» ASSIGNMENT
Only these lines, please: the first one of the records through the one containing "Mesh Count: 14", retyped exactly, both ends included and pictures omitted.

» DATA SHOWN
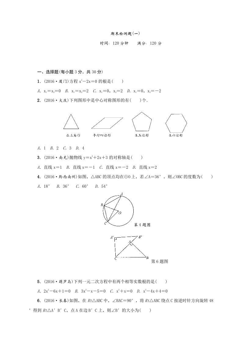 首页初中数学九年级【人教版】九年级上期末数学试卷5
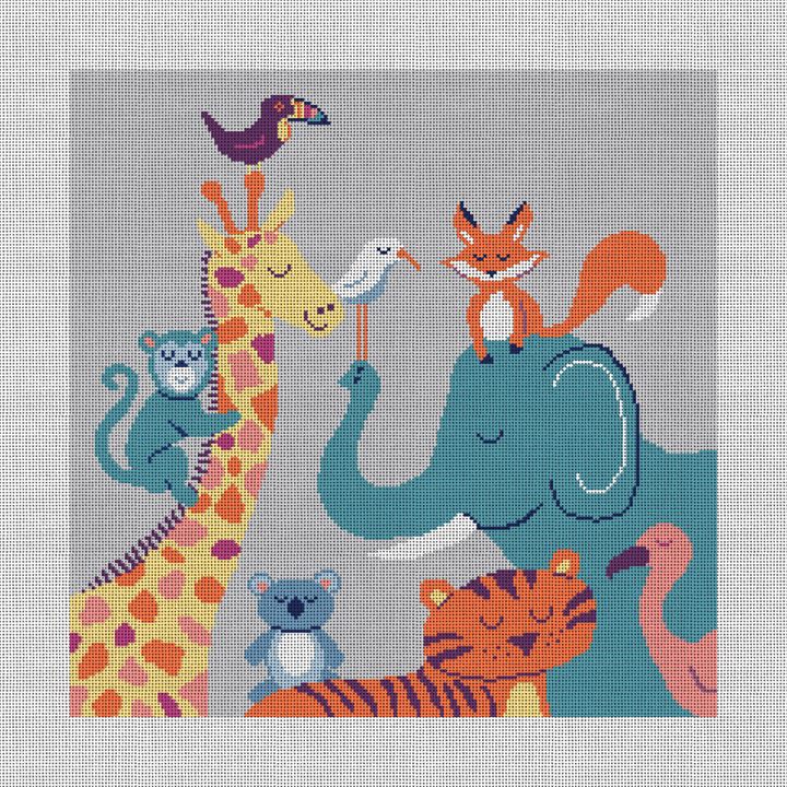 Mesh Count: 14 per inch Canvas Size: 16 x 16 inches Print Size: 14 x 14 inches Thread Type: DMC Embroidery Floss Thread Color Count: 15
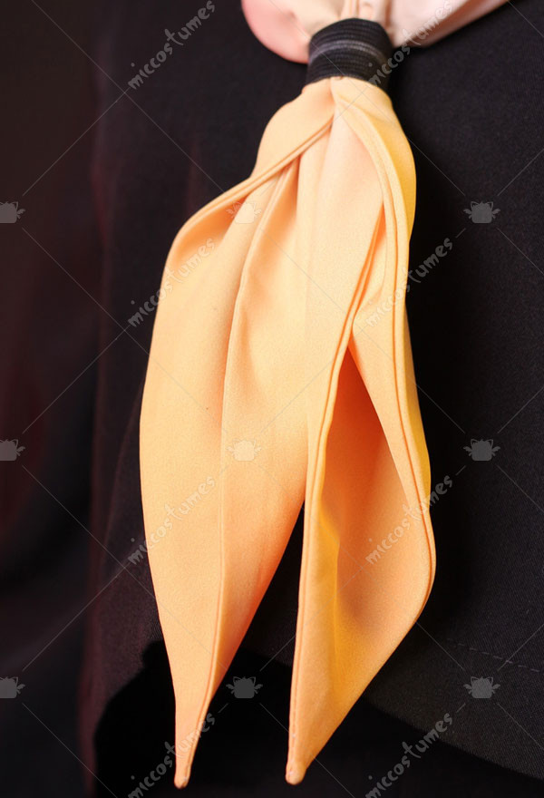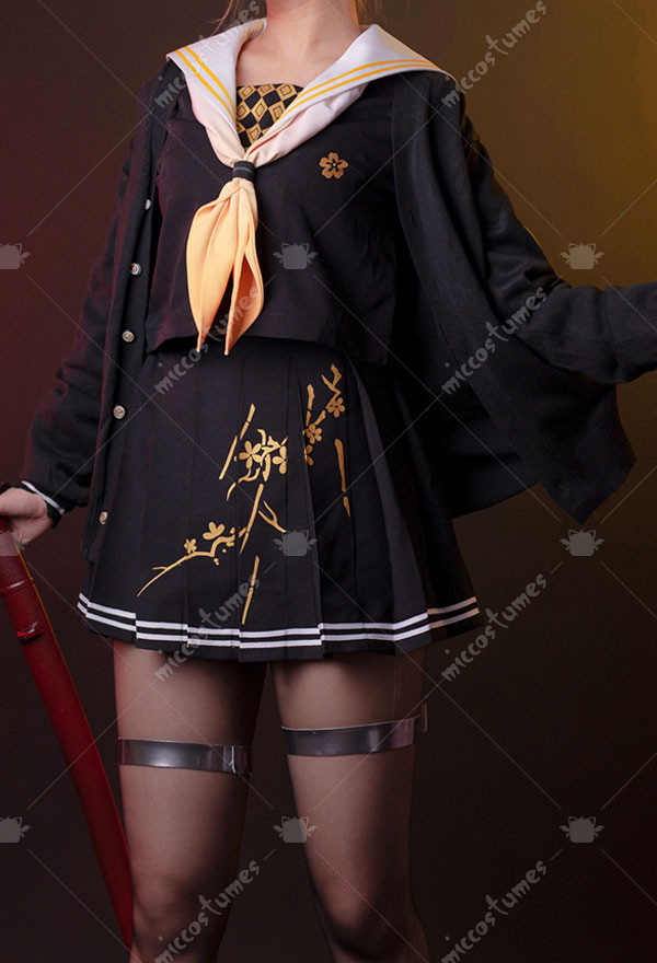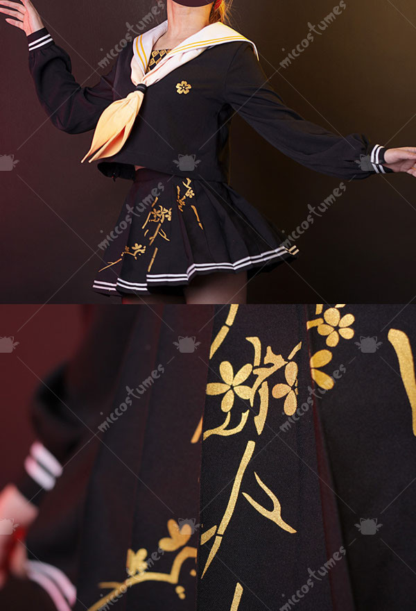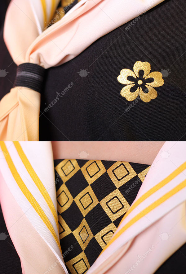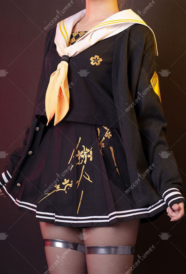 The costuem includes top, skirt, tie, stockings, sweater, thigh ring*2, scarf. It is made of printing fabric.
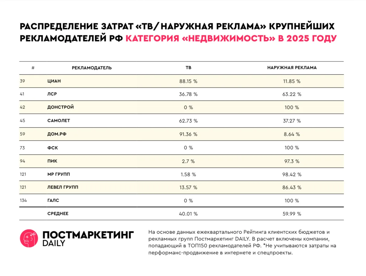 Распределение затрат тоже изменилось. Некоторые игроки в 2025 году совсем отказались от рекламы на ТВ в пользу интернета (ФСК). А другие, наоборот, отдают предпочтение телевидению, почти не размещаясь в наружной рекламе (ЦИАН, ДОМ.РФ).
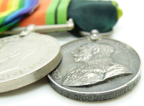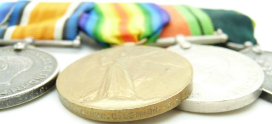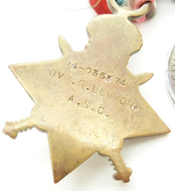 British Army WWI medals comprising 1914/1915 Star, War Medal and Victory Medal named to 036374 Driver G Lemon, Army Service Corps together with his WWII Defence Medal and Territorial Efficiency Medal (741913 Gunner G Lemmon RFA)

» YOUR RESPONSE
 首页初中数学九年级【人教版】九年级上期末数学试卷5
 Mesh Count: 14 per inch Canvas Size: 16 x 16 inches Print Size: 14 x 14 inches Thread Type: DMC Embroidery Floss Thread Color Count: 15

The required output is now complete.